● **LISTED RECORDS**
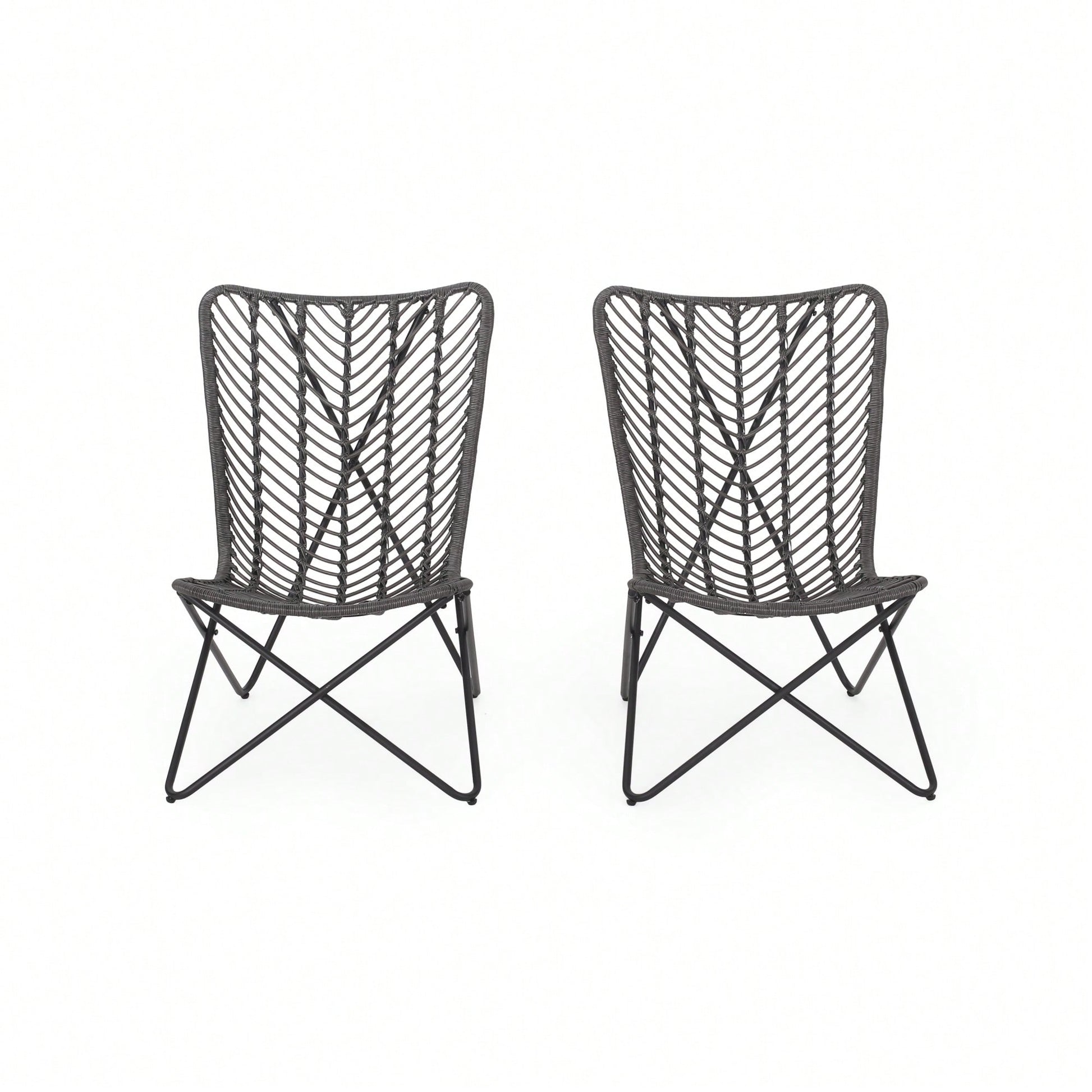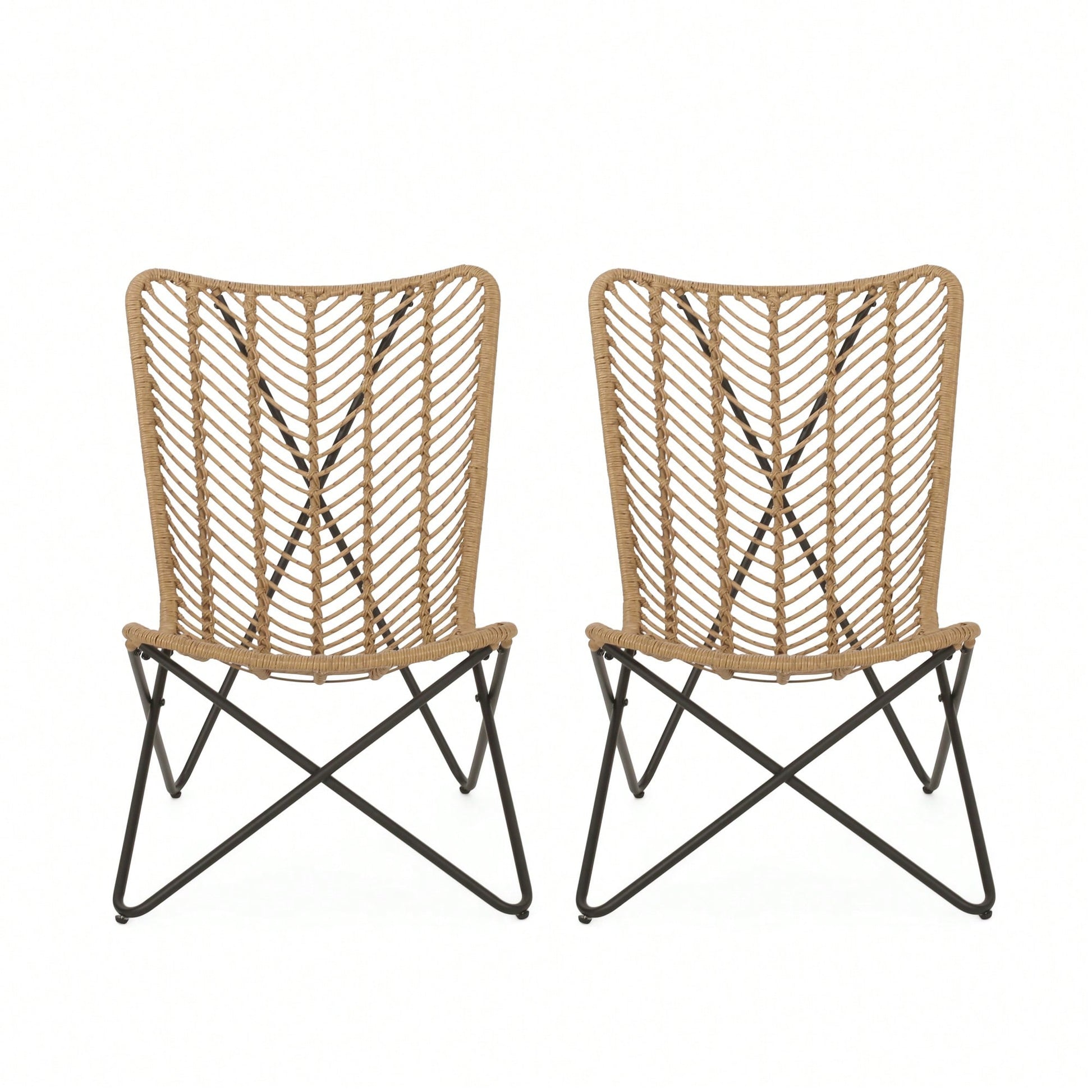 This patio chair set combines timeless style with ultimate comfort, making it a perfect addition to your outdoor space. The earthy wicker finish enhances its boho look, while the gently curved seating invites relaxation. Supported by a unique geometric cross base, these chairs are both durable and modern, ensuring they stand out in any setting.
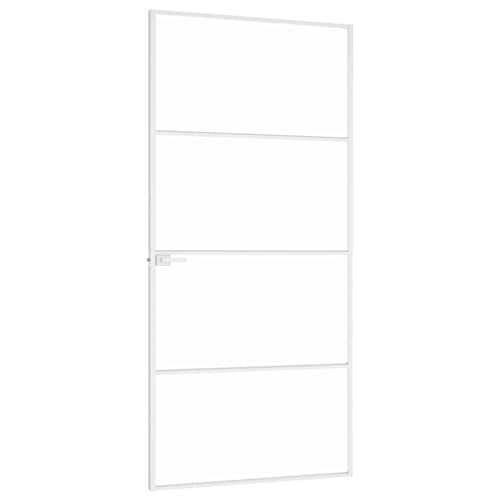 Festnight Porta Interna, Porte Interne, Porte Interne Casa, Bianca 93x201,5 cm Vetro Temperato Alluminio Slim
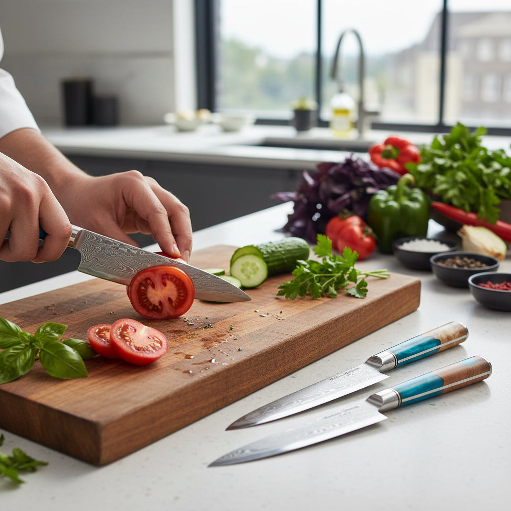Des couteaux pensés pour la découpe nette, l’équilibre en main et des finitions premium. Une expérience “couteau pro” au quotidien.
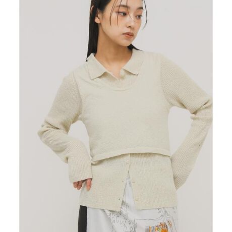 表面感のあるブークレ素材を使用したニット。シャリ感はありつつ肌触りの良い糸を使用しており、レイヤードデザインは1枚で主役級のスタイリングが簡単に叶います。セット使いはもちろん、別々でも使用いただけるので着回し力の幅も広がるアイテムです。ボリュームのあるボトムから、すっきりとしたスカートまで合わせられます。
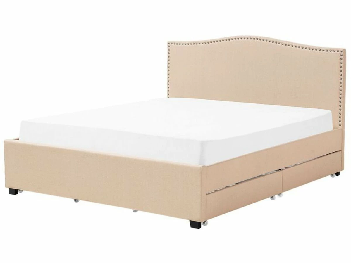 Cama de diseño tradicional. Añade un toque romántico a tu dormitorio con esta cama con somier. Está fabricada a partir de tela de poliéster de alta calidad y suave al tacto. El diseño simple y elegante resalta la decoración de cualquier suite moderna o vintage. Las tachuelas decorativas en el cabecero llaman poderosamente la atención. El amplio espacio de almacenaje optimiza la superficie disponible de la habitación. Detalles: Tipo de Producto: Cama matrimonial Estilo: Retro Color: Gris Tonalidad: Gris oscuro Tipo de material: Tejido Material principal: Poliéster Material adicional: Poliéster Material del almacenamiento: Tela no tejida Composición del Material: 100% Poliéster Parte posterior tapizada: No Tipo de almacenamiento: Cajones Almacenamiento: Sí Dimensiones: Dimensiones del reposacabezas: 187×110 Ancho: 187 cm Dimensiones del almacenamiento: 92x12x58 Longitud: 213 cm Altura: 110 cm Superficie para dormir: 180×200 cm Peso: 71 kg Capacidad de peso: 350 kg La oferta incluye: 4 x Cajón de almacenaje, 1 x Estructura de cama, 1 x Somier (39 listones flexibles, No incluye: colchón y ropa de cama Ventajas: Muy cómodo, Diseño atemporal, Combina con cualquier estilo de interior, Solida estructura, Detalles perfectos, Espacio de almacenamiento funcional Información de montaje: Requiere montaje completo. 45-60 min. Información adicional: La altura del colchón visible en la imagen es de 20 cm. Consejos de mantenimiento: Poliéster: 1.Aspire con un accesorio adecuado 2.Limpiar con champú seco y una esponja húmeda o un limpiador suave.
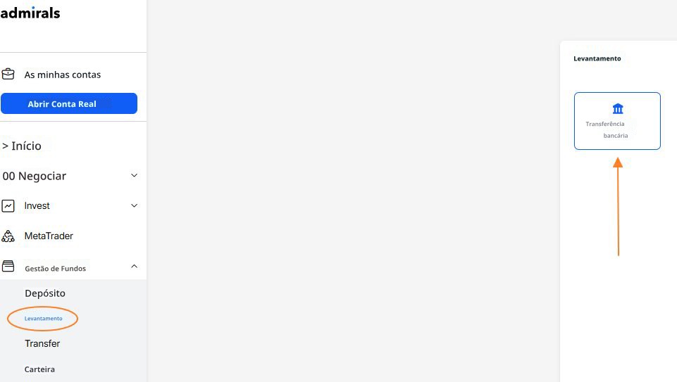 Pode efetuar levantamentos de forma rápida, fácil e a qualquer momento no seu Dashboard. Para iniciar com sucesso qualquer levantamento de fundos, siga os seguintes passos:
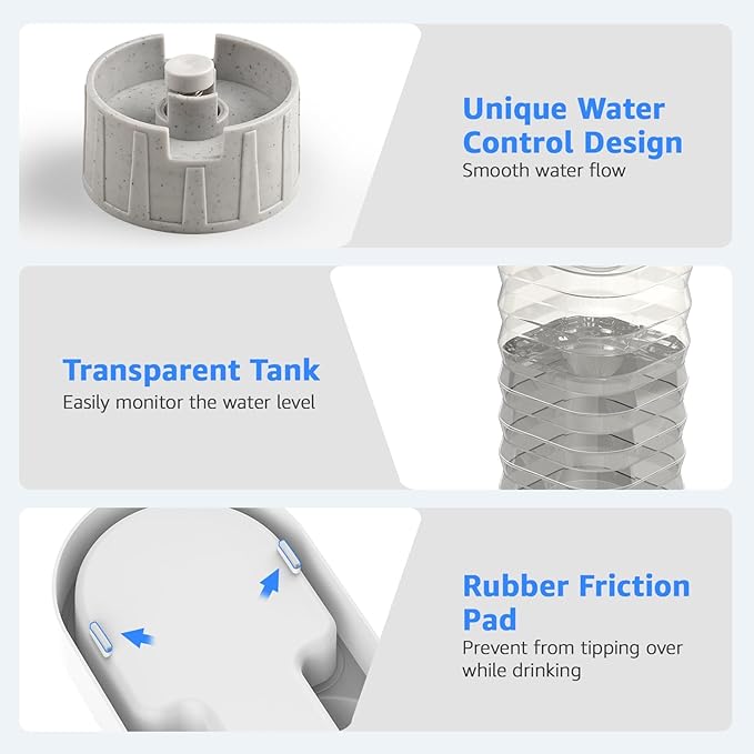 - 【Clean - Outlet Filter Cotton Design】This pet gravity water dispenser includes filter cotton. It can prevent dust from entering the inside of the water bottle. Keep water clean, and give pets healthy drinking.
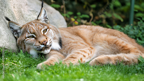 © Aysel, Fototapeta premium A Eurasian lynx lives at the Straubing zoo.
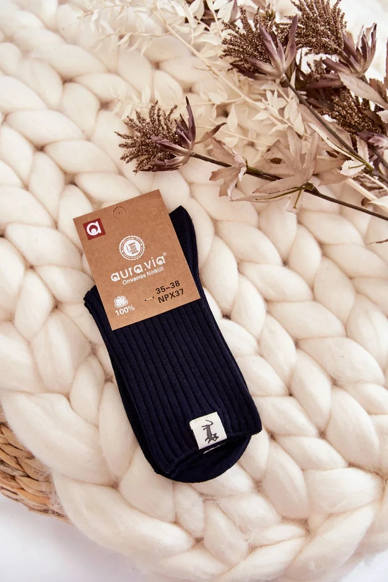 Dámské žebrované ponožky bez tlaku námořnická modrá
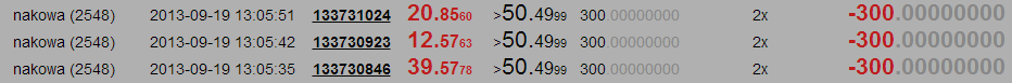 A Sunday night streak by Nakowa. The numbers on the right denote bitcoins won (green) or lost (red). In 10 seconds, Nakowa wins 1,000 bitcoins.
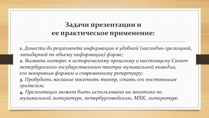 языка и литературы в.к. СПб ГБПОУ СПб «МПУ», канд. филол. наук Митрофанова Лариса МихайловнаСанкт-Петербургский государственный театр музыкальной комедии:
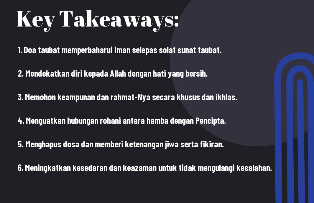 Doa selepas solat sunat taubat memberi impak yang besar dalam proses pembaharuan iman seseorang. Ini kerana melalui Doa Taubat Untuk Diri Sendiri 2025, hati yang gelap dapat diterangi semula dengan cahaya keimanan. Seiring dengan penghayatan doa, jiwa anda akan terasa lebih tenang dan dekat dengan-Nya, mendorong anda untuk memperbaiki diri dan meningkatkan amal soleh.
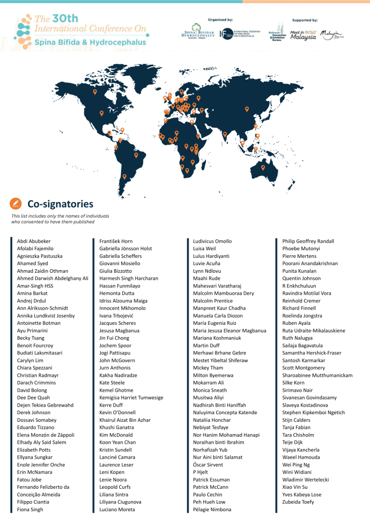 For the GDS25 IF commits to continuing its awareness-raising and advocacy efforts to ensure that all relevant stakeholders will be involved in pursuing the commitments outlined in the Kuala Lumpur Declaration, a historical document resulting from the 30th International Conference for Spina Bifida and Hydrocephalus. This event brought together experts, researchers, healthcare professionals, members of the SBH community, and their families to discuss solutions that can break down barriers and improve quality of life. Contributions for the Declaration were received from across the globe, representing a wide array of perspectives and shared experiences, culminating in the following commitments:
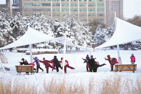 ■市民在哈尔滨湘江公园健身。(资料图)
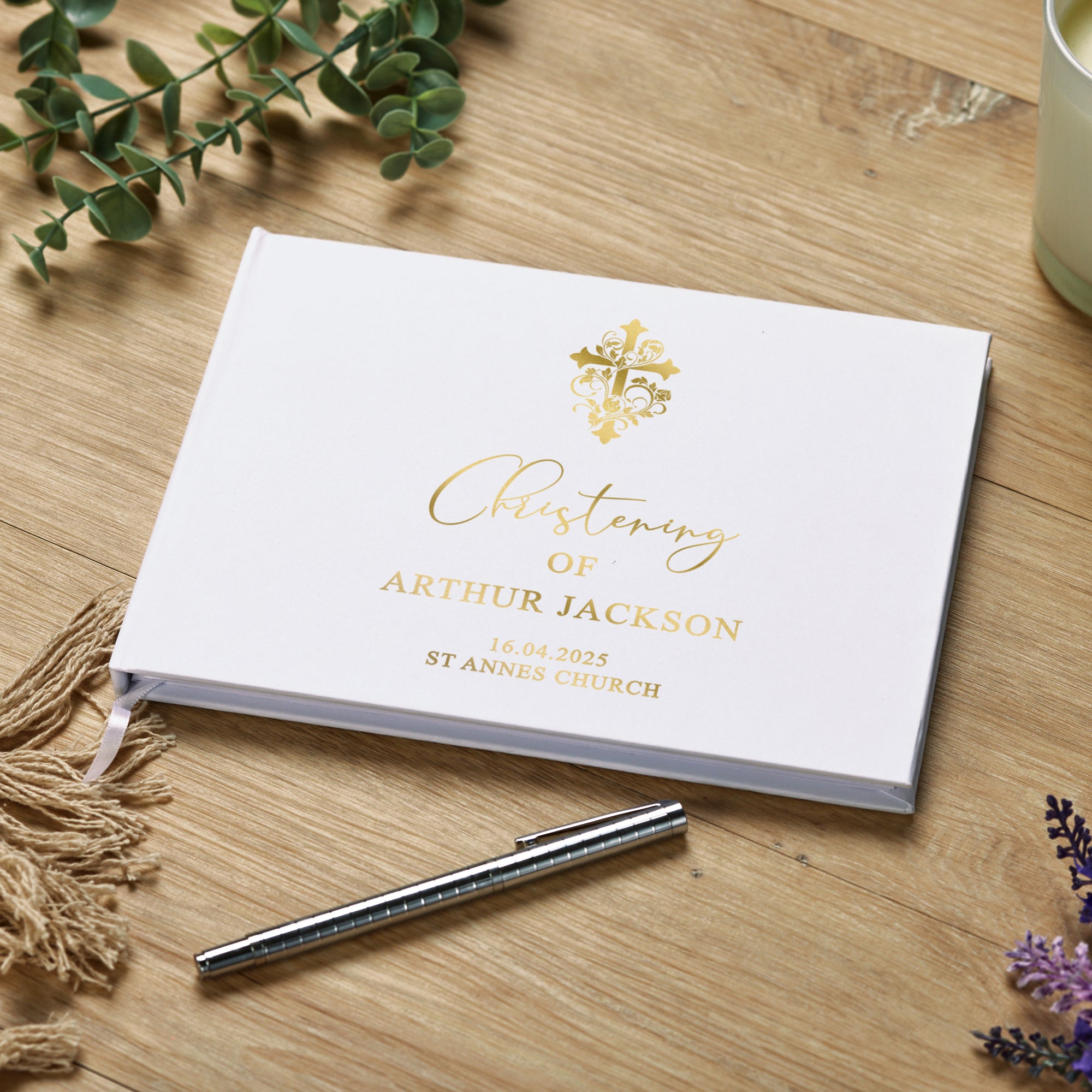 Capture and preserve your cherished Christening memories with our Personalised Christening Guest Book. This exquisite book features 80 lined pages with gold print, measuring 23cm x 17.5cm. Don't miss out on the opportunity to store all your guests' well-wishes and valuable sentiments. A keepsake to treasure for years to come.
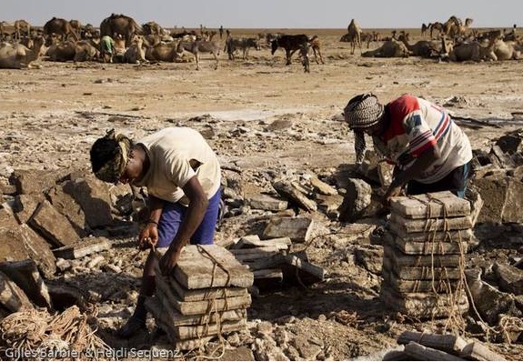 ここで取られる塩は2,000年間、手作業によって採掘されています。この手作業には、大きく分けて2つの違った役割があります。岩塩を割り、持ち上げる役と、もうひとつは1キロの塊ごとに岩塩をまとめる役です。労働者は、1日のこれらの作業を通してわずか約2ポンド(約130円)を稼ぎます。
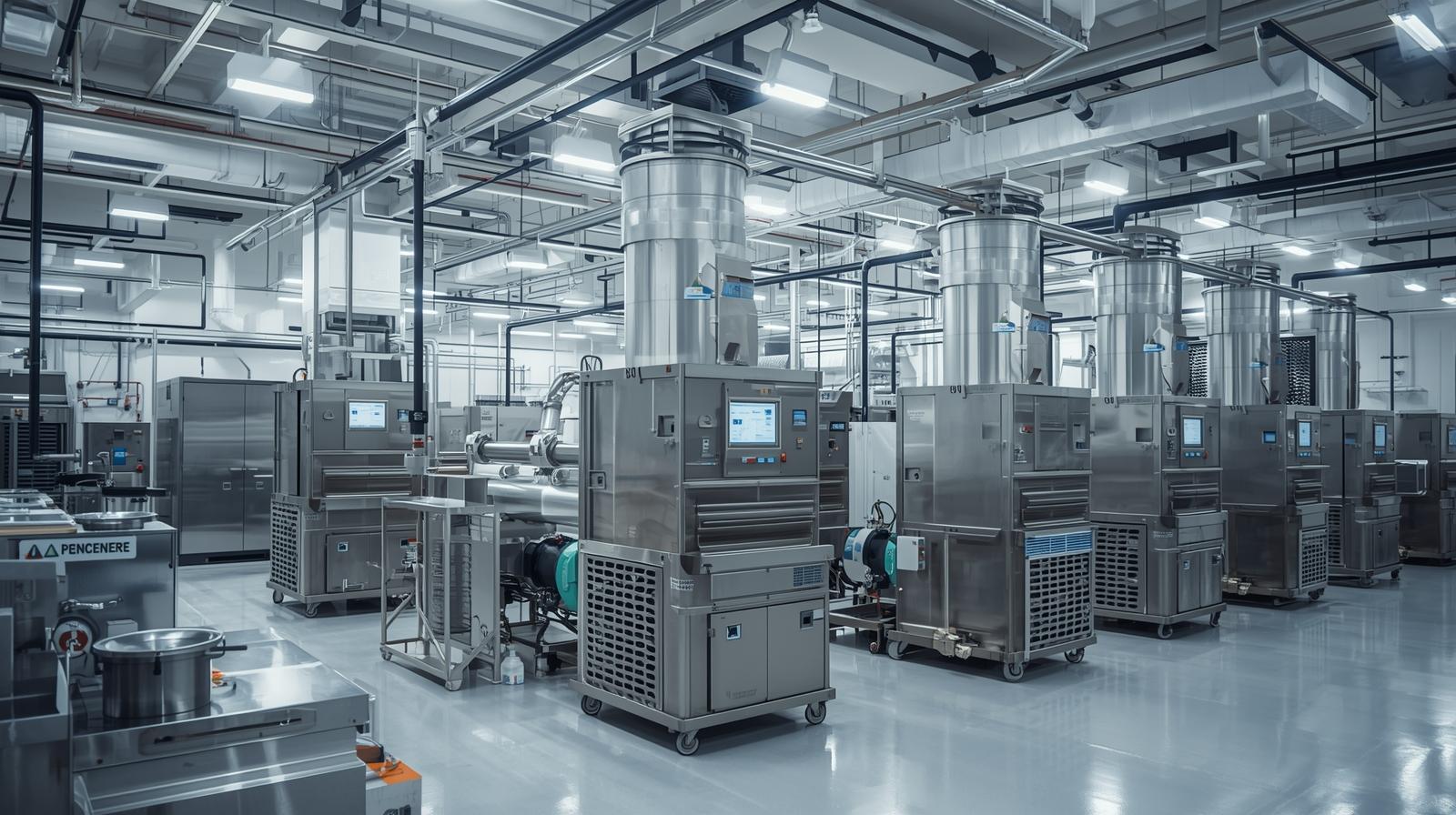 They filter air, control humidity, and maintain consistent temperatures to prevent contamination, bacterial growth, and spoilage in food processing and storage.

● **EXERCISE DIRECTIONS**
Each entry must be set down word for word; no image may be carried over.

● **WRITTEN ANSWER**
 This patio chair set combines timeless style with ultimate comfort, making it a perfect addition to your outdoor space. The earthy wicker finish enhances its boho look, while the gently curved seating invites relaxation. Supported by a unique geometric cross base, these chairs are both durable and modern, ensuring they stand out in any setting.
 Festnight Porta Interna, Porte Interne, Porte Interne Casa, Bianca 93x201,5 cm Vetro Temperato Alluminio Slim
Des couteaux pensés pour la découpe nette, l’équilibre en main et des finitions premium. Une expérience “couteau pro” au quotidien.
 表面感のあるブークレ素材を使用したニット。シャリ感はありつつ肌触りの良い糸を使用しており、レイヤードデザインは1枚で主役級のスタイリングが簡単に叶います。セット使いはもちろん、別々でも使用いただけるので着回し力の幅も広がるアイテムです。ボリュームのあるボトムから、すっきりとしたスカートまで合わせられます。
 Cama de diseño tradicional. Añade un toque romántico a tu dormitorio con esta cama con somier. Está fabricada a partir de tela de poliéster de alta calidad y suave al tacto. El diseño simple y elegante resalta la decoración de cualquier suite moderna o vintage. Las tachuelas decorativas en el cabecero llaman poderosamente la atención. El amplio espacio de almacenaje optimiza la superficie disponible de la habitación. Detalles: Tipo de Producto: Cama matrimonial Estilo: Retro Color: Gris Tonalidad: Gris oscuro Tipo de material: Tejido Material principal: Poliéster Material adicional: Poliéster Material del almacenamiento: Tela no tejida Composición del Material: 100% Poliéster Parte posterior tapizada: No Tipo de almacenamiento: Cajones Almacenamiento: Sí Dimensiones: Dimensiones del reposacabezas: 187×110 Ancho: 187 cm Dimensiones del almacenamiento: 92x12x58 Longitud: 213 cm Altura: 110 cm Superficie para dormir: 180×200 cm Peso: 71 kg Capacidad de peso: 350 kg La oferta incluye: 4 x Cajón de almacenaje, 1 x Estructura de cama, 1 x Somier (39 listones flexibles, No incluye: colchón y ropa de cama Ventajas: Muy cómodo, Diseño atemporal, Combina con cualquier estilo de interior, Solida estructura, Detalles perfectos, Espacio de almacenamiento funcional Información de montaje: Requiere montaje completo. 45-60 min. Información adicional: La altura del colchón visible en la imagen es de 20 cm. Consejos de mantenimiento: Poliéster: 1.Aspire con un accesorio adecuado 2.Limpiar con champú seco y una esponja húmeda o un limpiador suave.
 Pode efetuar levantamentos de forma rápida, fácil e a qualquer momento no seu Dashboard. Para iniciar com sucesso qualquer levantamento de fundos, siga os seguintes passos:
 - 【Clean - Outlet Filter Cotton Design】This pet gravity water dispenser includes filter cotton. It can prevent dust from entering the inside of the water bottle. Keep water clean, and give pets healthy drinking.
 © Aysel, Fototapeta premium A Eurasian lynx lives at the Straubing zoo.
 Dámské žebrované ponožky bez tlaku námořnická modrá
 A Sunday night streak by Nakowa. The numbers on the right denote bitcoins won (green) or lost (red). In 10 seconds, Nakowa wins 1,000 bitcoins.
 языка и литературы в.к. СПб ГБПОУ СПб «МПУ», канд. филол. наук Митрофанова Лариса МихайловнаСанкт-Петербургский государственный театр музыкальной комедии:
 Doa selepas solat sunat taubat memberi impak yang besar dalam proses pembaharuan iman seseorang. Ini kerana melalui Doa Taubat Untuk Diri Sendiri 2025, hati yang gelap dapat diterangi semula dengan cahaya keimanan. Seiring dengan penghayatan doa, jiwa anda akan terasa lebih tenang dan dekat dengan-Nya, mendorong anda untuk memperbaiki diri dan meningkatkan amal soleh.
 For the GDS25 IF commits to continuing its awareness-raising and advocacy efforts to ensure that all relevant stakeholders will be involved in pursuing the commitments outlined in the Kuala Lumpur Declaration, a historical document resulting from the 30th International Conference for Spina Bifida and Hydrocephalus. This event brought together experts, researchers, healthcare professionals, members of the SBH community, and their families to discuss solutions that can break down barriers and improve quality of life. Contributions for the Declaration were received from across the globe, representing a wide array of perspectives and shared experiences, culminating in the following commitments:
 ■市民在哈尔滨湘江公园健身。(资料图)
 Capture and preserve your cherished Christening memories with our Personalised Christening Guest Book. This exquisite book features 80 lined pages with gold print, measuring 23cm x 17.5cm. Don't miss out on the opportunity to store all your guests' well-wishes and valuable sentiments. A keepsake to treasure for years to come.
 ここで取られる塩は2,000年間、手作業によって採掘されています。この手作業には、大きく分けて2つの違った役割があります。岩塩を割り、持ち上げる役と、もうひとつは1キロの塊ごとに岩塩をまとめる役です。労働者は、1日のこれらの作業を通してわずか約2ポンド(約130円)を稼ぎます。
 They filter air, control humidity, and maintain consistent temperatures to prevent contamination, bacterial growth, and spoilage in food processing and storage.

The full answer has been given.